While several interesting and novel findings emerge from this study, there are some limitations. The small sample size and candidate-based approach suggest that it would be important to replicate these findings in larger samples while also performing an unbiased genome-wide scan to identify polygenic predictors of maternal oxytocin response and maternal behavior. However, the use of a high-risk targeted sample such as the one used for the current study might present an adequate target for highly specialized analysis targeting G × E interactions in well-defined loci.

In summary, we identify a novel SNP, rs968389, that is associated with maternal oxytocin response and maternal behavior. These results contribute to a better understanding of the neurobiological underpinnings of oxytocin and its role in maternal and infant behavior with consequent implications for mother-infant interactions and potential therapeutic interventions that would merit further research.
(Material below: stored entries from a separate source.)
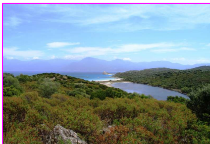
étang du LMotu
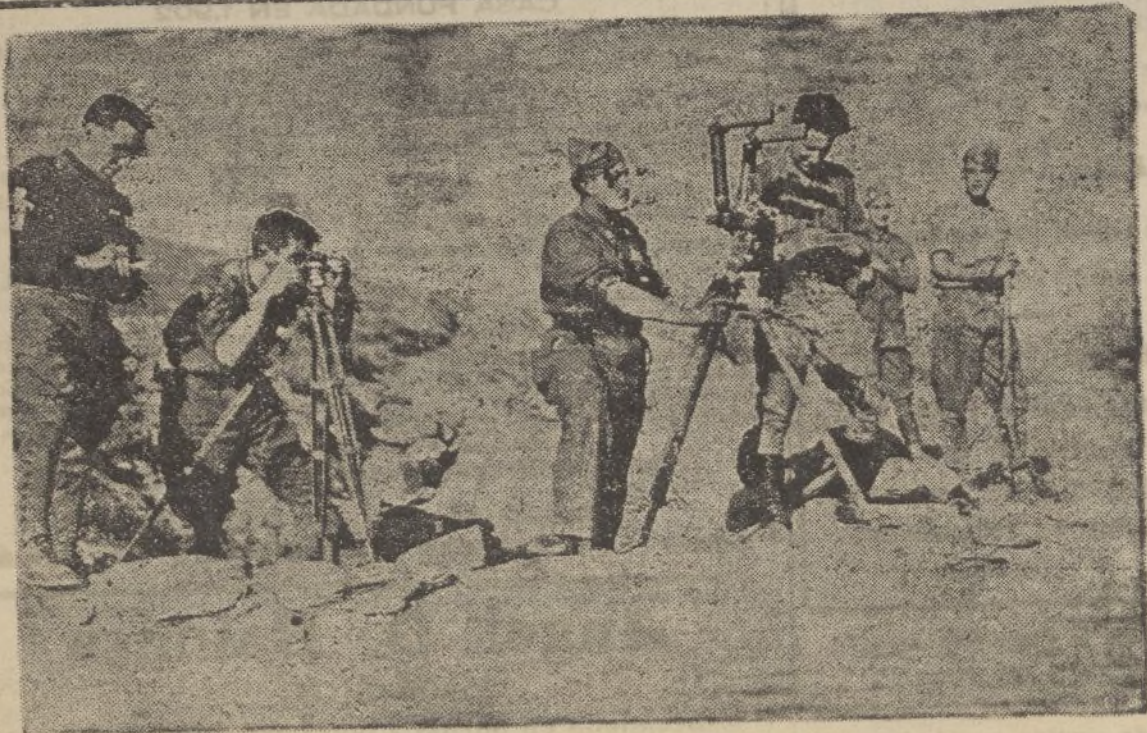
Un puesto de observación en el Ayuntamiento de Madrid
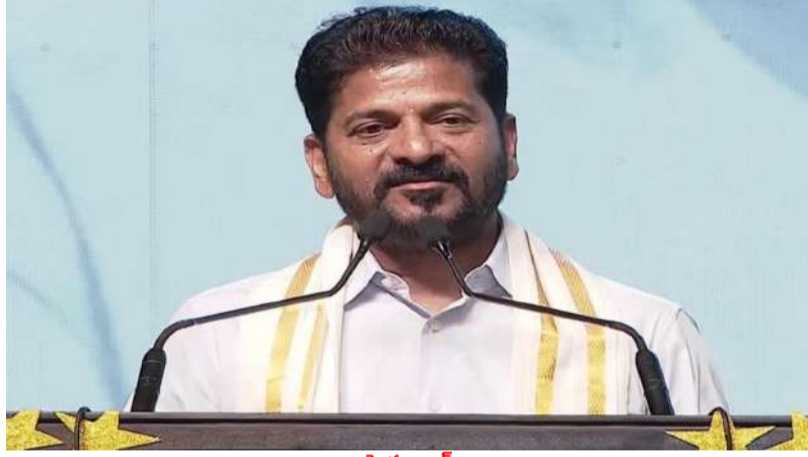
హైదరాబాద్ : మహిళా రిజర్వేషన్లు, నియోజకవర్గాల పునర్విభజన అనేవి రేచ ప్రజలందరికీ సంబంధించిన అంశాలని సీఎం రేవంత్ రెడ్డి తెలిపారు. కానీ, బీజేపీ మాత్రం తమ సొంత వ్యవహారం అన్నట్లుగా వ్యవహరిస్తోందని విమర్శించారు. మహిళా రిజర్వేషన్లు, డిలిమిటేషన్ కలిపి తీసుకురావడం, పాత జనాభా లెక్కల ప్రకారం వెళ్లడం వెనుక కుట్ర దాగి ఉందని ఆరోపించారు. ఎన్టీయే - మిగతా 2 లో
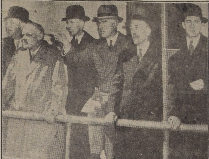
Los delegados de la ONU aprovechan un breve descanso para realizar una excursión en vapor por los alrededores de la bahía de Hudson.
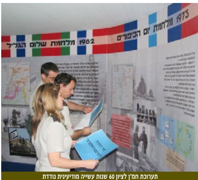
תערוכת חמ"ן לציון 60 שנות עשייה מודיעינית נודדת
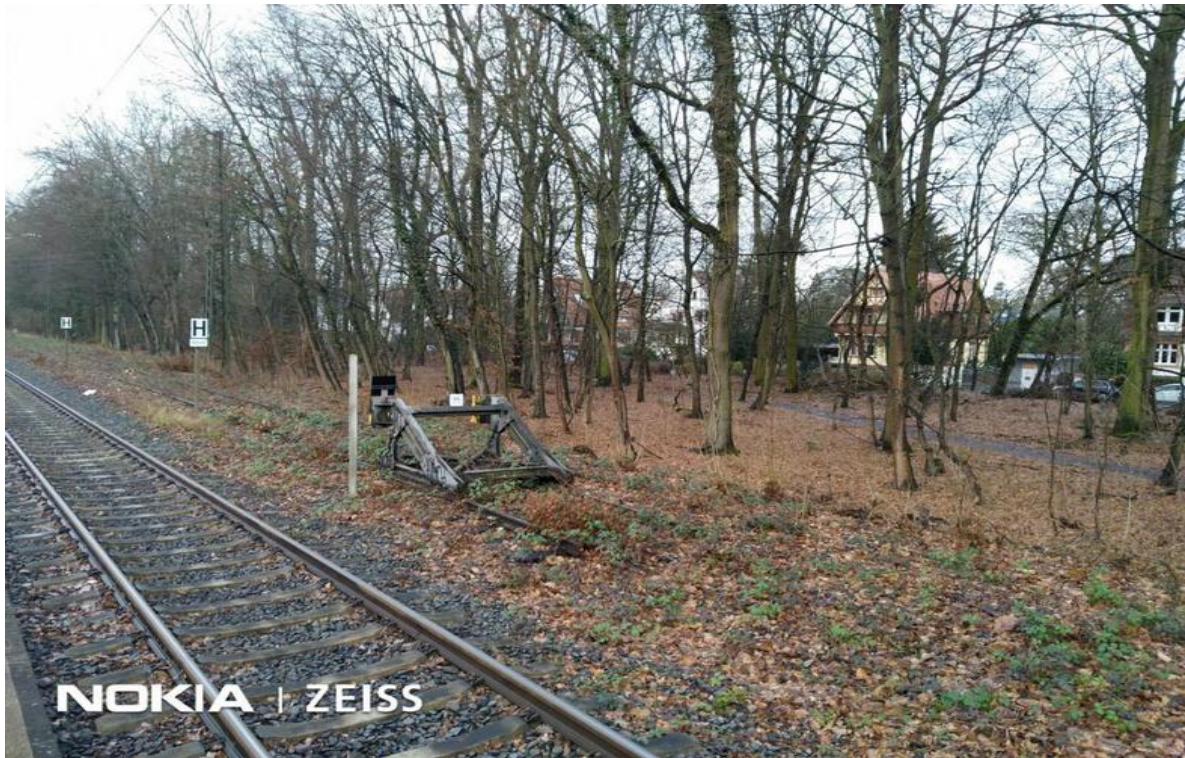
Das Gleis der Dreieichbahn, Richtung Frankfurt, , die alten Jugendstilvillen sind ganz nah dran
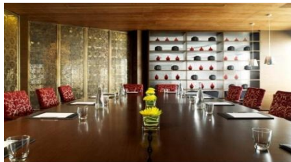
Altitude's Library Room
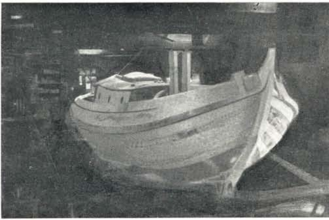
De Vollenhovense Bol Goetzee in aanbouw in 1939.
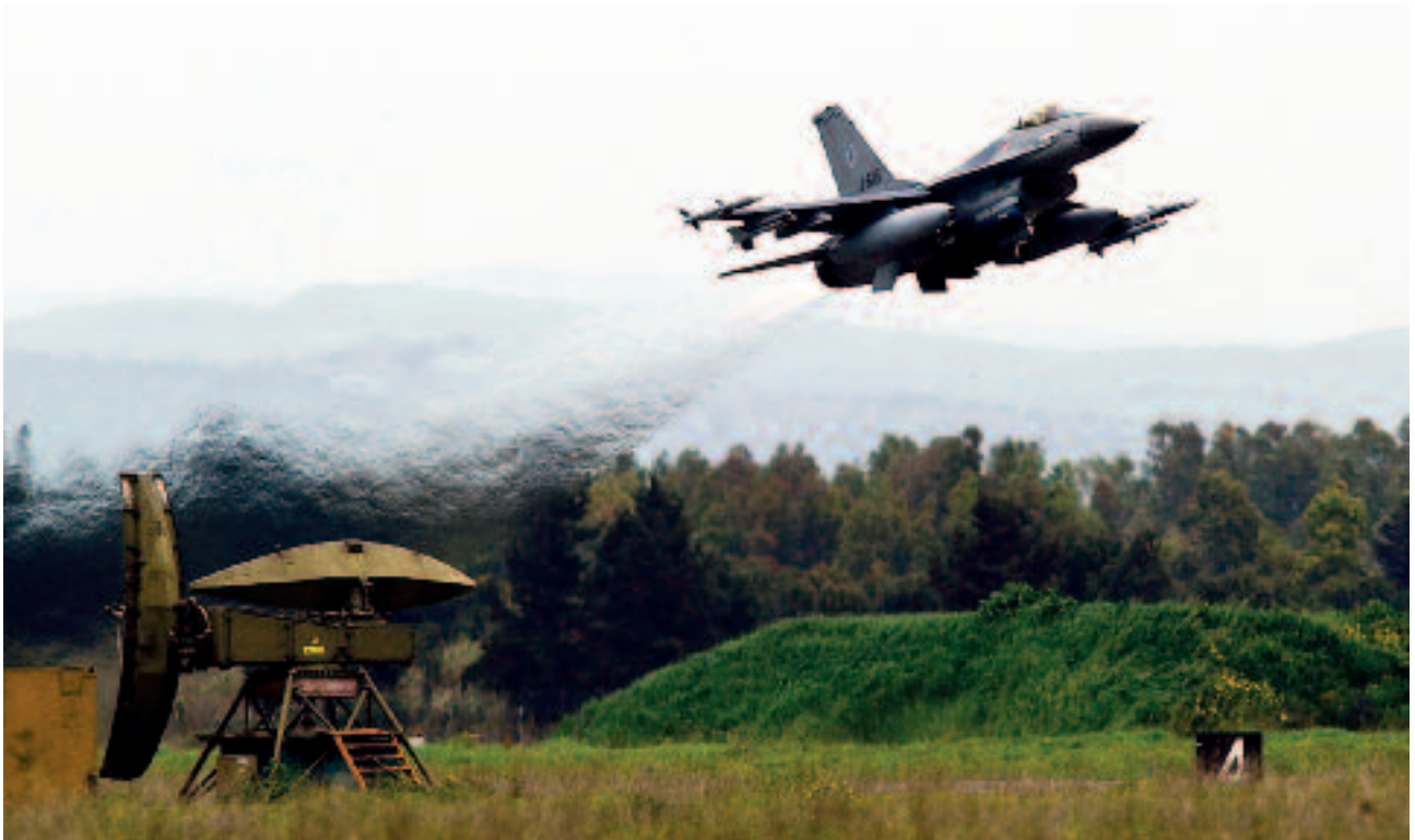
Een Nederlandse F-16 vertrekt van een vliegbasis op Sardinië voor een missie bij Libië; de geografische ligging van Libië maakte het mogelijk om tijdens Unified Protector de NAVO-infrastructuur in de Middellandse Zee te gebruiken

had het CAOC de handen vol aan de (maximaal) 180 sorties die per 24 uur werden getasked , en dit terwijl, zoals de Amerikaanse minister van Defensie Gates later droogjes opmerkte, het CAOC was opgezet om dagelijks 300 sorties aan te sturen. 47 Dit staat in schril contrast met de meer dan 700 sorties per 24 uur-cyclus die de NAVO kon tasken tijdens Allied Force in 1999. 48 Tijdens Unified Protector heeft de NAVO 25.944 sorties getasked, waarvan 25.011 fixed wing , 424 helikopter en 509 UAV. Daarvan waren 9.658 sorties in een aanvalsrol (air-to-ground). 49 De connectiviteit tussen het hoofdkwartier en eenheden op de diverse locaties vormde een probleem. Met name de beperkte bandbreedte over een beveiligde verbinding voor het delen van hoogwaardig beeldmateriaal bleek een kritisch punt. Aanschaf van de benodigde apparatuur zoals BICES 50 blijft een nationale verantwoordelijkheid. Unified Protector heeft aangetoond dat veel lidstaten hierin te weinig hebben geïnvesteerd, met name in een expeditieve variant. Daarnaast bleek de toeganke-
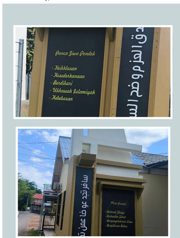
Gambar. 1 Panca Jiwa dan Motto Pondok Tertera di Gerbang Masuk Pondok

Kurikulum TMI adalah kurikulum yang mengadaptasi dari kurikulum KMI yang diterapkan di Pondok Modern Darussalam Gontor. Kurikulum ini memiliki Moto dan Panca Jiwa Pondok. Maka tidak terkecuali Pondok Modern Darul Hijrah Martapura dan Pondok Modern An-Najah Putra Tambang Ulang yang menerapkan Kurikulum TMI. Sebagai pondok alumni Gontor tentu keduanya memiliki isi dari motto dan panca jiwa pondok yang sama. Motto Pondok Modern terdiri dari berbudi tinggi, berbadan sehat, berpengetahuan luas, berpikiran bebas. Sedangkan panca jiwa Pondok Modern terdiri dari Keikhlasan, kesederhanaan, berdikari, ukhuwah Islamiyah (persaudaraan sesama umat Islam), dan Kebebasan. 21

The publicly available GTeX database [31] and the Braineac database of the UK Brain Expression Consortium () revealed that rs968389 was significantly associated with gene expression of the OXTR gene within the caudate (basal ganglia) brain tissue (p-value = 1.7E-8) as well as the frontal cortex (p-value =8.7E-7) among others, providing evidence of functional consequences of the SNP (Supplementary Figures 1a and 1b).